What to work on –
The answer is the first line of the listing and every line after it through the one containing "设计的经典竖厅格局,客厅3.", exact, with pictures removed.
#### Exercise data
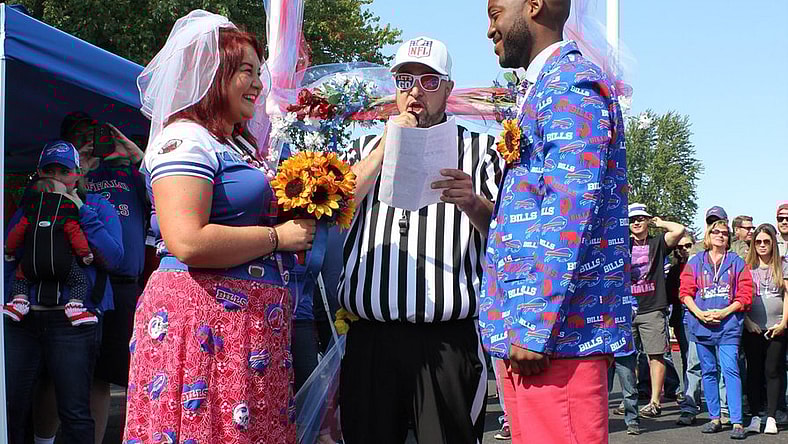 Talk about being Buffalo Bills diehards. Kaitlyn Floyd and Gerald Holmes were married Outside of New Era Field in Buffalo on Sunday morning, showing themselves to be nothing less than huge fans of the long downtrodden team.
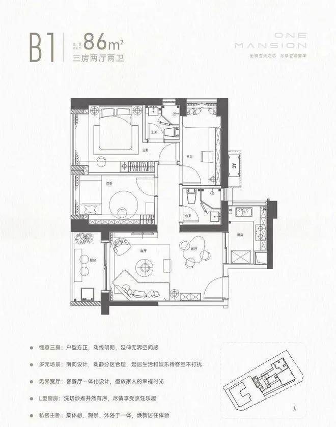 设计的经典竖厅格局,客厅3.6米开间,餐客厅一体化设计,三开间朝南,3个卧室分别做到了3.3米/2.9米/2.7米的宽度,L型厨房,得房率72.47%(不含赠送),东南朝向。
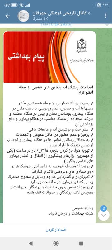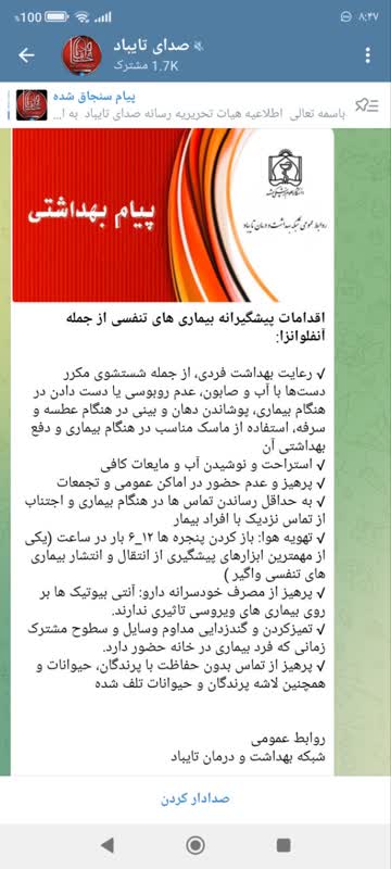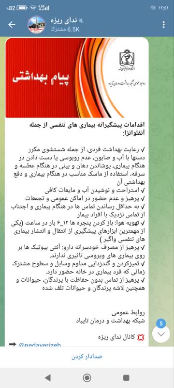 √ تهویه هوا: باز کردن پنجره ها ۱۲_۶ بار در ساعت (یکی از مهمترین ابزارهای پیشگیری از انتقال و انتشار بیماری های تنفسی واگیر )
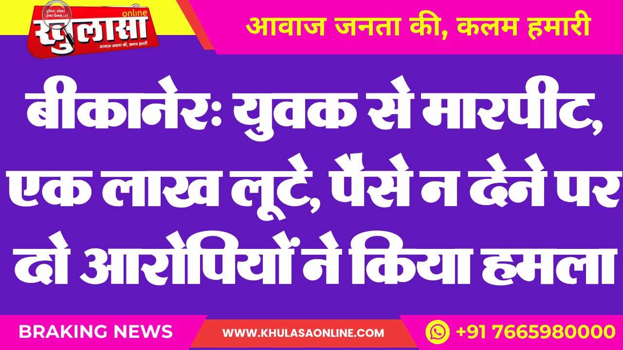 बीकानेर: युवक से मारपीट, एक लाख लूटे, पैसे न देने पर दो आरोपियों ने किया हमला
########
Exercise response –
 Talk about being Buffalo Bills diehards. Kaitlyn Floyd and Gerald Holmes were married Outside of New Era Field in Buffalo on Sunday morning, showing themselves to be nothing less than huge fans of the long downtrodden team.
 设计的经典竖厅格局,客厅3.6米开间,餐客厅一体化设计,三开间朝南,3个卧室分别做到了3.3米/2.9米/2.7米的宽度,L型厨房,得房率72.47%(不含赠送),东南朝向。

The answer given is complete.